Según la iniciativa que parece emanada de los socialistas franceses, todas las manifestaciones que hagan hoy los obreros deben converger a crear una irresistible agitación para conseguir la jornada de ocho horas. Cierto, para la emancipación integral soñada por la anarquía, eso no vale mucho; pero en relación al estado económico de las naciones y al desarrollo mental de los obreros, significa muchísimo: es un gran salto hacia adelante en un terreno donde no se puede caminar ni a rastras. Si la revolución social ha de verificarse lentamente o palmo a palmo, la conquista de las ocho horas debe mirarse como un gran paso; si ha de realizarse violentamente y en bloque, la disminución del tiempo dedicado a las faenas materiales es una medida preparatoria: algunas de las horas que el proletariado dedica hoy al manejo de sus brazos podría consagrarlas a cultivar su inteligencia, haciéndose hombre consciente, conocedor de sus derechos y, por consiguiente, revolucionario. Si el obrero cuenta con muchos enemigos, el mayor está en su ignorancia.

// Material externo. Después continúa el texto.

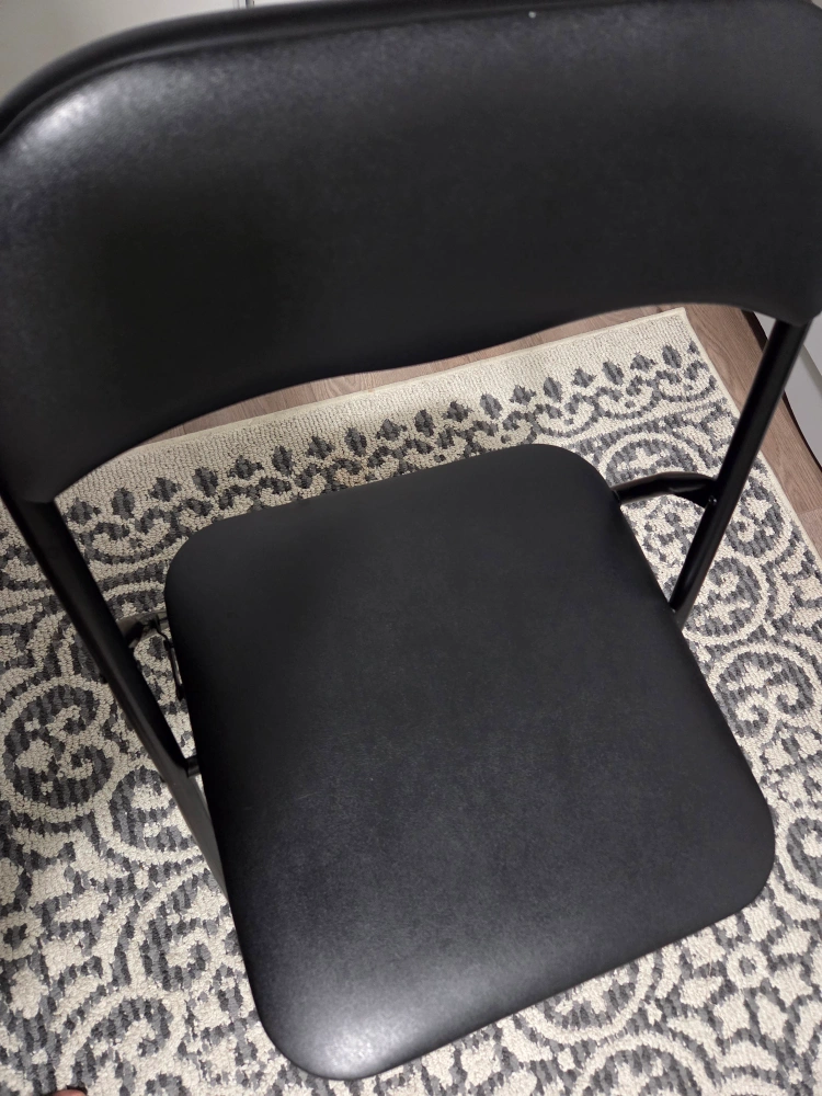 Selling a black folding chair that's in great condition! It's perfect for extra seating when you have guests over or for any event where you need a portable chair.
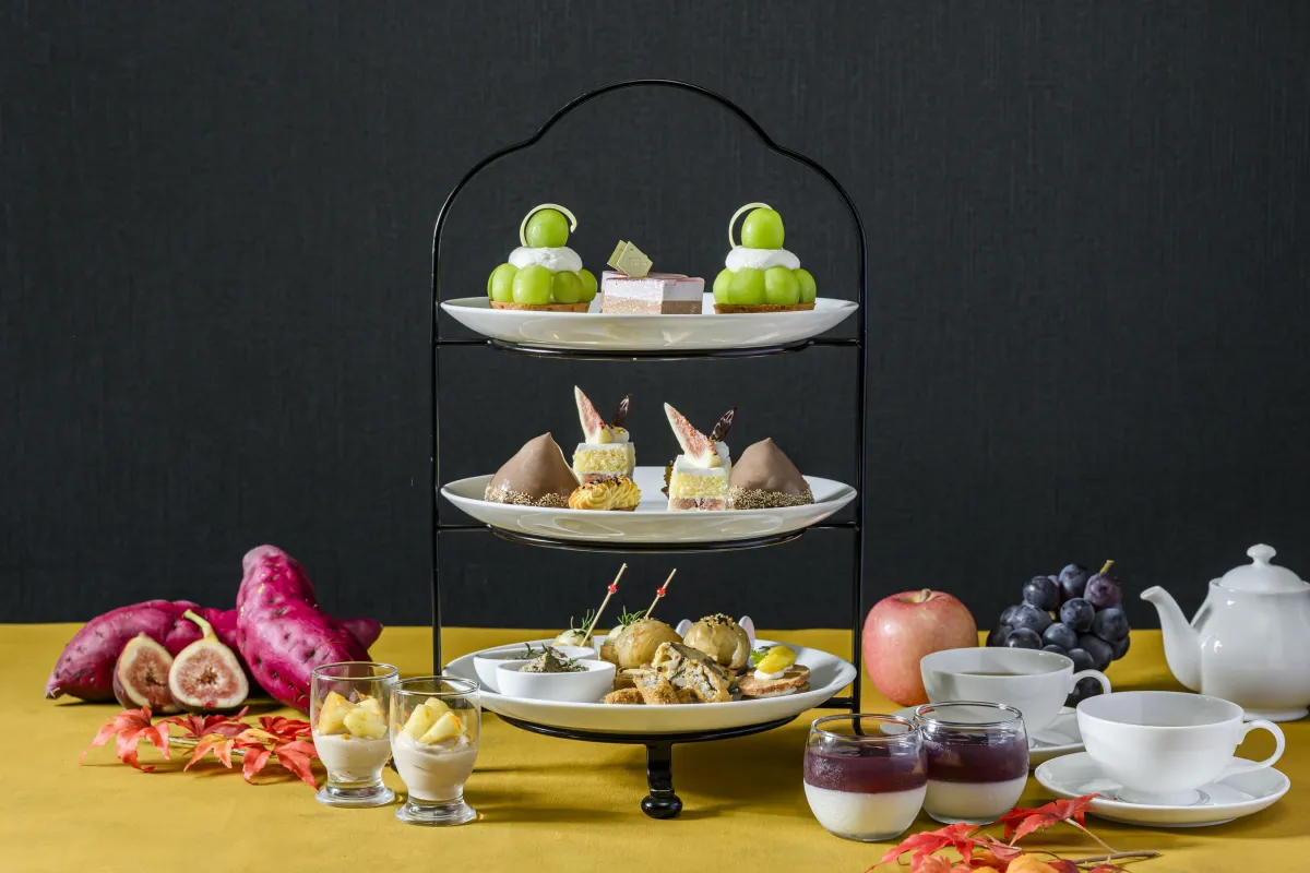 「金鼓」は、季節ごとの新鮮な素材をテーマにした、パティシエ山岸が手がける華やかなスイーツの数々が並びます。特に今年のテーマは“収穫祭”で、さつまいもや栗、無花果、シャインマスカットといった秋の味覚を贅沢に取り入れています。このアフタヌーンティーは、甘味と塩味のセイボリー料理のバランスが絶妙で、訪れる人々に秋を感じさせる特別な体験を提供します。
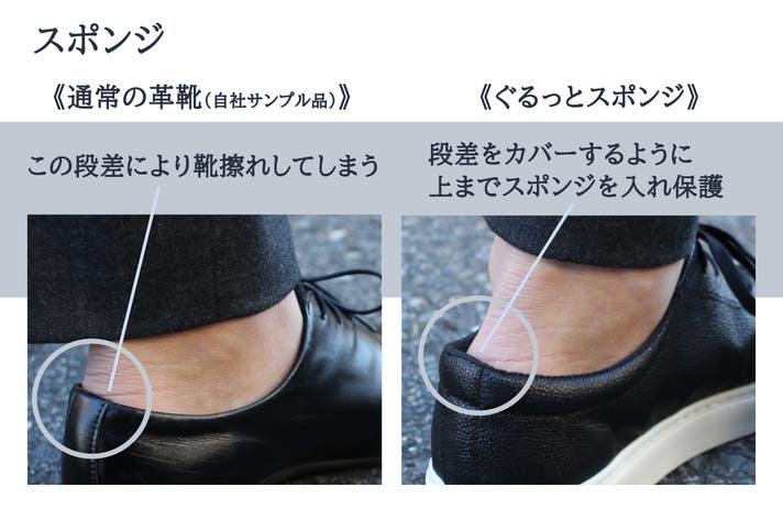 そして靴はどうしても踵に縫い目が必要となります。この縫い目や革の厚みの段差が、靴擦れの原因となるのです。

Desde Nueva York hasta Roma y desde Buenos Aires hasta París, flamearán hoy las banderas rojas y tronarán los gritos de rebeldía. Probablemente, relucirán los sables y detonarán los rifles. Porque si en algunos pueblos las modestas manifestaciones de los obreros provocan la sonrisa de los necios o el chiste de los imbéciles, en otros países el interminable desfile de los desheredados hace temblar y palidecer a las clases dominadoras. Y nada más temible que una sociedad cogida y empujada por el miedo. Ahí está Rusia, donde el miedo tiene quizá más parte en el crimen que la maldad misma, siendo ésta de quilates muy subidos.
Si consideramos el 1 de mayo como una fiesta mundial, anhelemos que ese día, en vez de sólo pregonar la lucha de clases, se predique la revolución humana o para todos. En el largo martirologio de la historia, así como en los actuales dramas de la miseria, los obreros no gozan el triste privilegio de ofrecer las víctimas. La sociedad es una inmensa escala de iniquidades, todos combaten por adquirir el amplio desarrollo de su individualidad. Todos los cerebros piden luz, todos los corazones quieren amor, todos los estómagos exigen pan. Hasta los opresores y explotadores necesitan verse emancipados de sí mismos porque son miserables esclavos sujetos a las preocupaciones de casta y secta.
Para el verdadero anarquista no hay, pues, una simple cuestión obrera, sino un vastísimo problema social; no una guerra de antropófagos entre clases y clases, sino un generoso trabajo de emancipación humana.